■ Das Portrait
: Silvester

Von Papst Silvester I. weiß man so gut wie nichts. Seine Popularität ist trotzdem enorm: Als Patron des Jahresendes steht sein Name für überschäumende Feiern, Knallerei und gute Vorsätze. Zu diesem Image ist Silvester jedoch gekommen wie die Jungfrau zum Kind. Zumal die Christen, als er am 31. Dezember 335 starb, noch den 6. Januar statt des 1. als Jahresbeginn feierten. Vor seinem Tod war Silvester 22 Jahre lang Bischof von Rom gewesen. Das wichtigste Ereignis seines Pontifikats, das Konzil von Nicäa, hat er nicht besucht, seine Beschlüsse aber anerkannt. Das ist schon fast alles, was an gesicherter Information vorliegt.
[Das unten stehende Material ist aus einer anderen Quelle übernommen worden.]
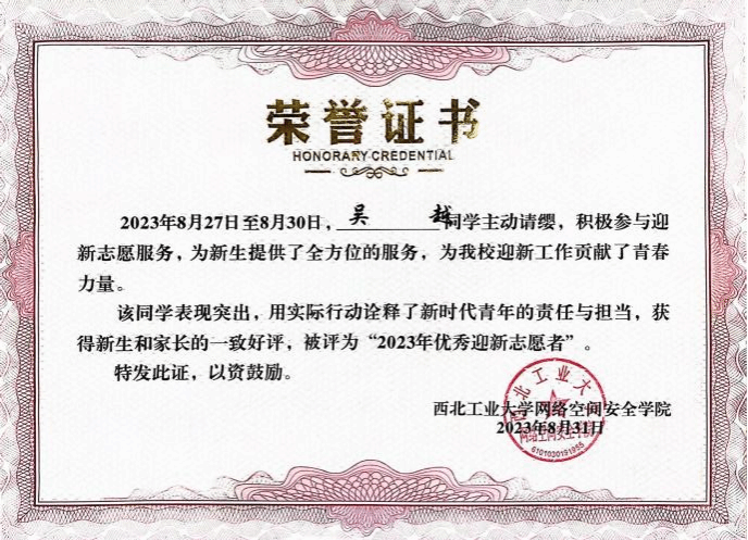 2023年获太阳成tyc122cc“优秀迎新志愿者”
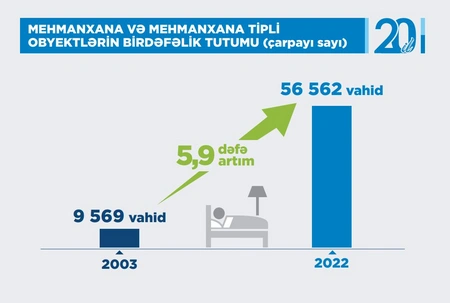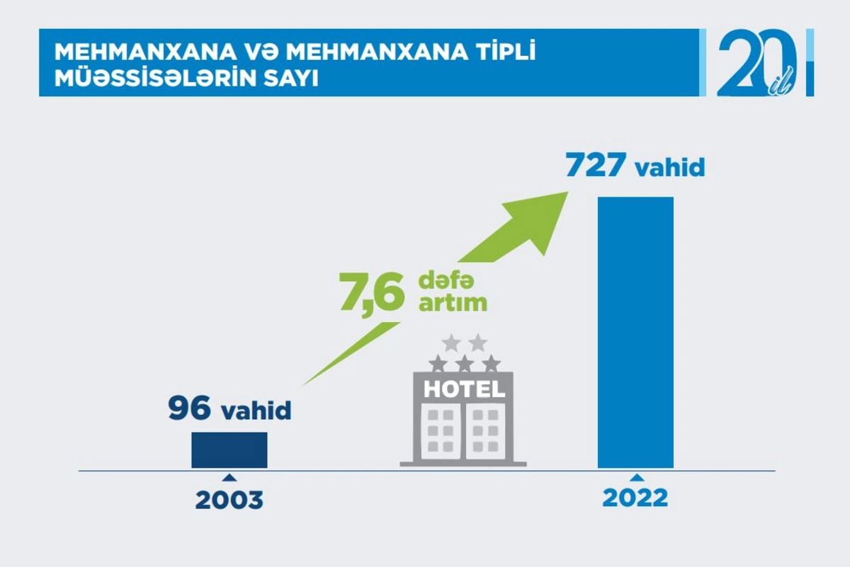 From 2003 to 2022, the number of hotels and hospitality enterprises in Azerbaijan increased by 7.6 times and reached 727, and the one-time capacity of these facilities increased by 5.9 times.

Dennoch spielte das Leben Silvesters eine zentrale Rolle in der Geschichte der Kirche. Seine vita, die schon bald nach seinem Tod in der Silversterlegende verklärt wurde, bot einem frommen Fälscher die Grundlage für die sogenannte „Konstantinische Schenkung“. Nach der Legende nämlich hat Silvester den römischen Kaiser Konstantin durch die Taufe vom Aussatz geheilt, nachdem dieser auf himmlischen Fingerzeig hin die alternative Therapie, ein Bad in frischem Knabenblut, verworfen hatte.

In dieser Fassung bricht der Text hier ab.